In this chapter we discuss working and long-term memory systems and the main psychological events involved in learning that must be accommodated in efficient instructional environments. In particular we will see how our guidelines work to compensate for lack of knowledge in the long-term memory of novices.

Our Memory Partners

All human learning and work activities rely on two of our memory systems—working memory and long-term memory and the partnership they share. As its name implies, working memory is the active partner. As you read this book and think about how it applies to your work, it is your working memory that does the processing. While in a learning mode, new information from the environment is processed in working memory to form knowledge structures called schemas, which are stored in long-term memory. Schemas are memory structures that permit us to treat a large number of information elements as though they are a single element. For example, when you read the word "element" you no longer think of seven separate letters; you think of a single entity, the word "element."

We have schemas for all aspects of our cognitive lives. While all trees differ from all other trees and include a huge amount of sensory information (color, shape, number of leaves, twigs, branches, and so forth), we can instantly recognize an object as a tree because we have a schema for trees. We similarly have schemas for letters, words, and combinations of words that allow us to read easily and rapidly. Schemas for the solution to specific mathematics problems may make us competent at mathematics. In any area in which you have competence, that competence derives from schemas stored in your long-term memory.

Long-term memory is the main knowledge repository because working memory has very little storage capacity. Working memory's main role is conscious processing. When you ask working memory to store anything beyond very limited amounts of information, its processing capacity is inadequate. We've all had the experience of being overwhelmed when trying to learn something new. That feeling of failing to understand leading to frustration or anxiety is your working memory telling you that it is overloaded. Overload stresses psychological processes in ways that diminish learning efficiency. When overload gets large enough, the learning system shuts down altogether.
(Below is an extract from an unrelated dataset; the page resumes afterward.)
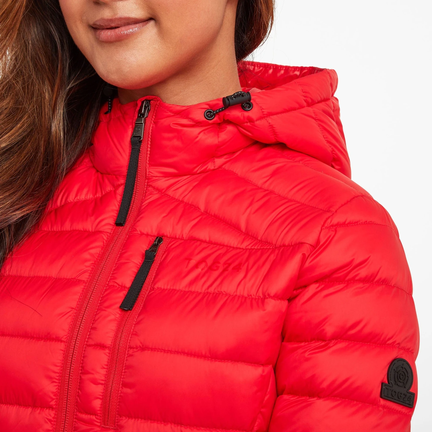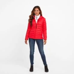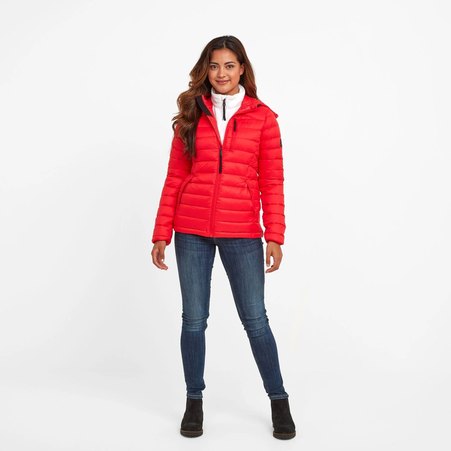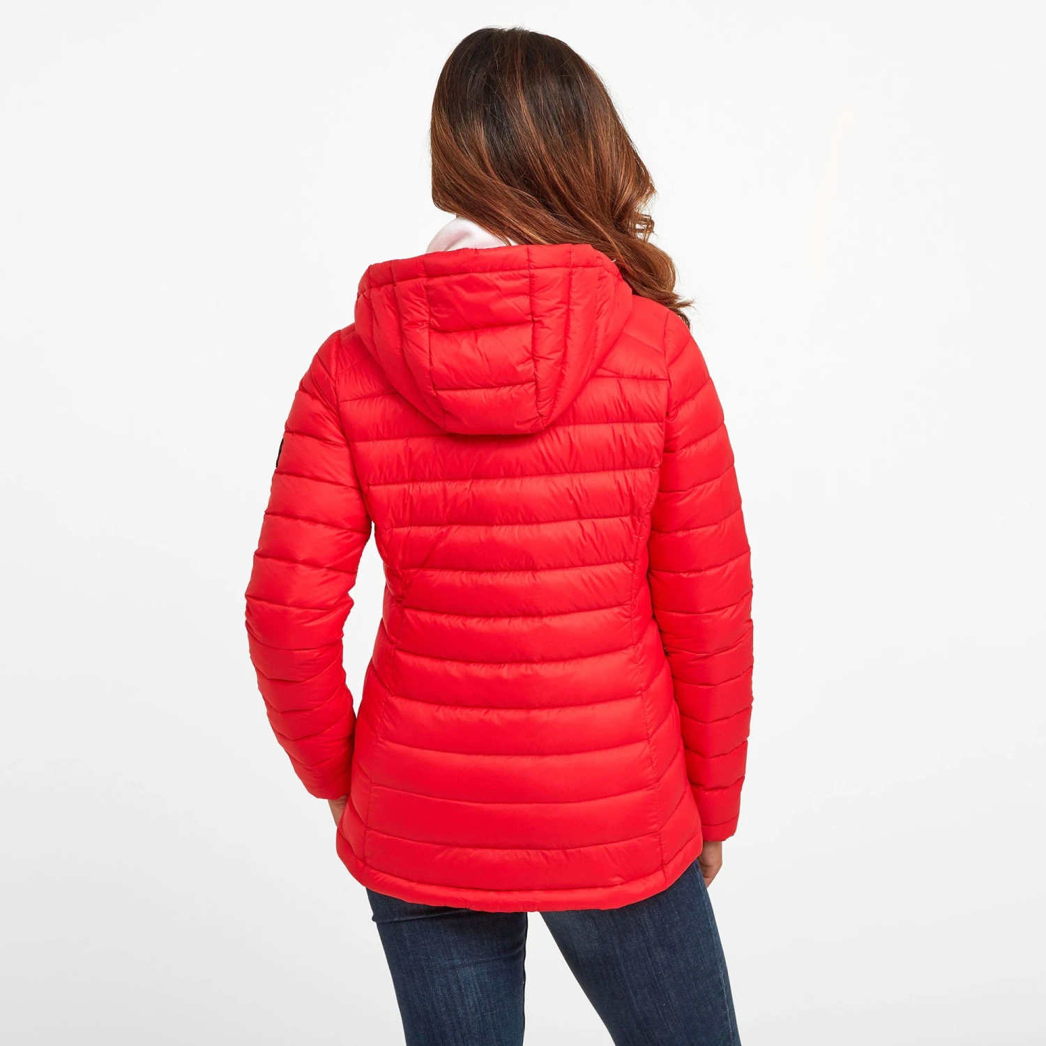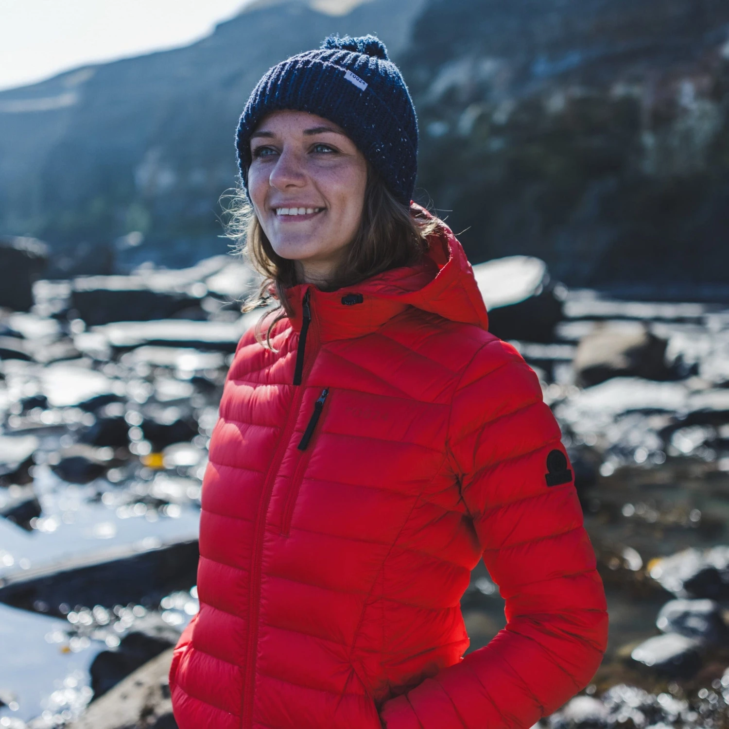 Perfect for adding a layer of warmth without any bulk, our Drax down filled womens jacket with adjustable hood is soft and silky to the touch, incredibly light and packs down small into a zip up inside pocket. You’ll have no trouble finding room for it in your case when you go away, and it also makes a handy travel pillow. This padded jacket gets its incredible warmth from naturally insulating duck down that traps heat without being bulky. Sleek panelling and a grown on hood that hugs your neck creates a flattering fitted silhouette and it feels as good as it looks with details like a soft chin cover over the top of the zip. Designed to squish down really small, then spring back into shape, Drax has roomy side pockets protected by an elasticated flap, light elastic at the cuffs and small toggle adjusters at the hem keep the chill out. Designed in Yorkshire, where we always need layers, our Drax womens hooded jacket is ideal for wearing over a top when it’s only a bit chilly or layering

Your job as an instructional professional is to design and deliver training that will leverage germane cognitive load to promote learning and at the same time to minimize extraneous load and manage intrinsic cognitive load to free working memory capacity for learning.

Working Memory and the Significance of the Number 7 ± 2

The limits of working memory capacity were first made explicit in George Miller's 1956 paper: The Magical Number Seven Plus or Minus Two. The phrase 7 ± 2, refers to limited working memory capacity. Not only is the storage capacity of working memory very limited, but so also is the duration of anything that enters working memory. Unless you actively keep new data alive in working memory through repetition or process it for storage into long-term memory, even small amounts of new information will disappear from consciousness in just a few seconds.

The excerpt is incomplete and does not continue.